Might this study lead to applications in the treatment of psychiatric disease?

This is a major goal of our work. The deficiencies in GABA production and function that we observe here point to very clear strategies for a pharmacological intervention. If we can employ clinically available “pro-GABA-ergics,” drugs that boost GABA, this could help ameliorate dysfunction in individuals who carry the 22q11.2 deletions. In fact, our preliminary tests of two different FDA-approved pro-GABA-ergic drugs in cells and in mice revealed that these drugs could substantially restore normal function.
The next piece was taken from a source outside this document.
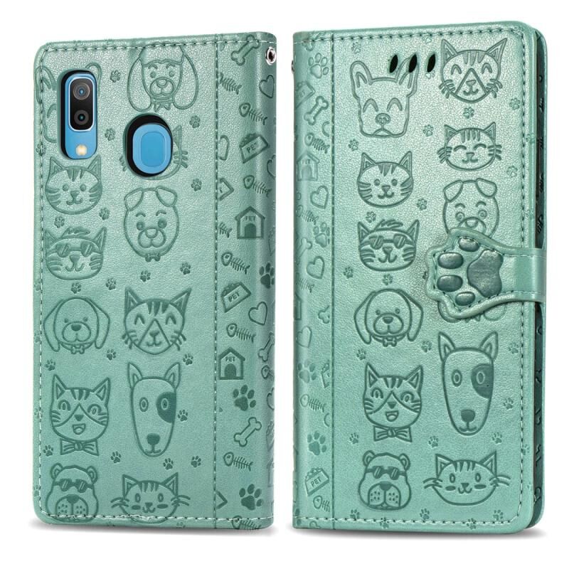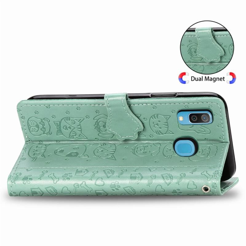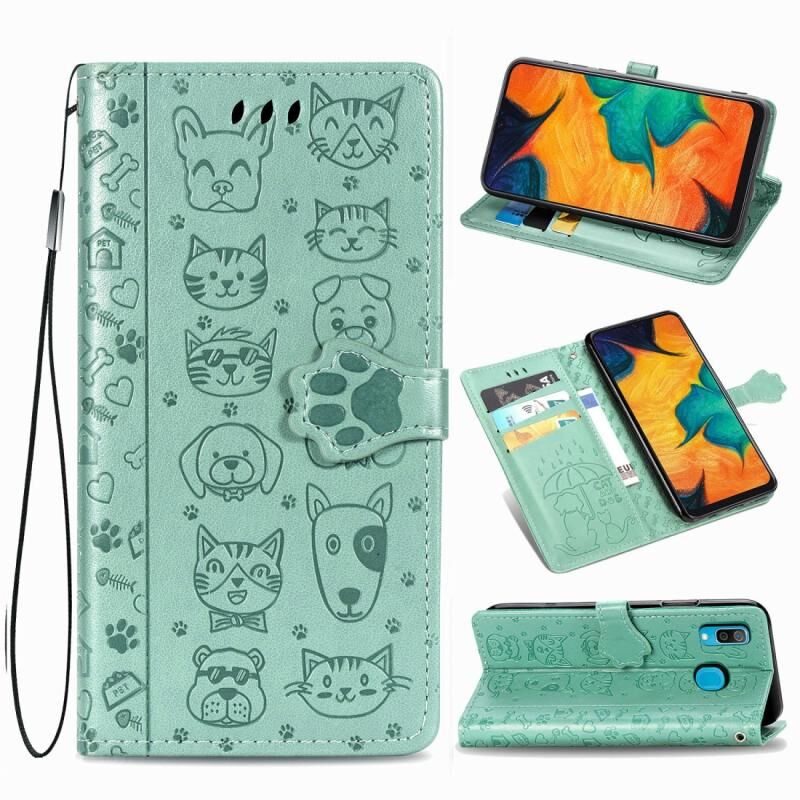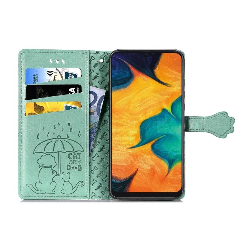Θήκη δέρματος οριζόντιας αναδίπλωσης με ανάγλυφα σχέδια χαριτωμένων γάτας και σκύλου για Galaxy A30, με βάση στήριξης / υποδοχή κάρτας / πορτοφόλι / κορδόνι (Ροζ)
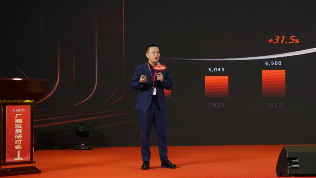 双汇发展副总裁、肉制品事业部总经理赵国宝在主题报告中,全面回顾了2025年双汇肉制品业的生产经营成果,并明确新一年的工作目标与推进思路。同时对新一年的销售政策、激励措施及市场运营策略进行了深入阐释。

The fact that these drugs are already FDA-approved will make it simpler to test them in patients — an approach we call “precision-psychiatry.”

What are the next questions that need to be answered?

We want to find out if pro-GABA-ergic therapies correct dysfunction at the behavioral level to actually mitigate symptoms of schizophrenia. Also, our discovery sheds light on how mutations that increase one’s risk of schizophrenia affect the GABA machinery that normally keeps brain activity levels in check. This is just one of many exciting things we’re investigating along these lines. As we continue to get more insights into schizophrenia’s underlying mechanisms, we can begin testing ways to manipulate the GABA machinery for therapeutic purposes.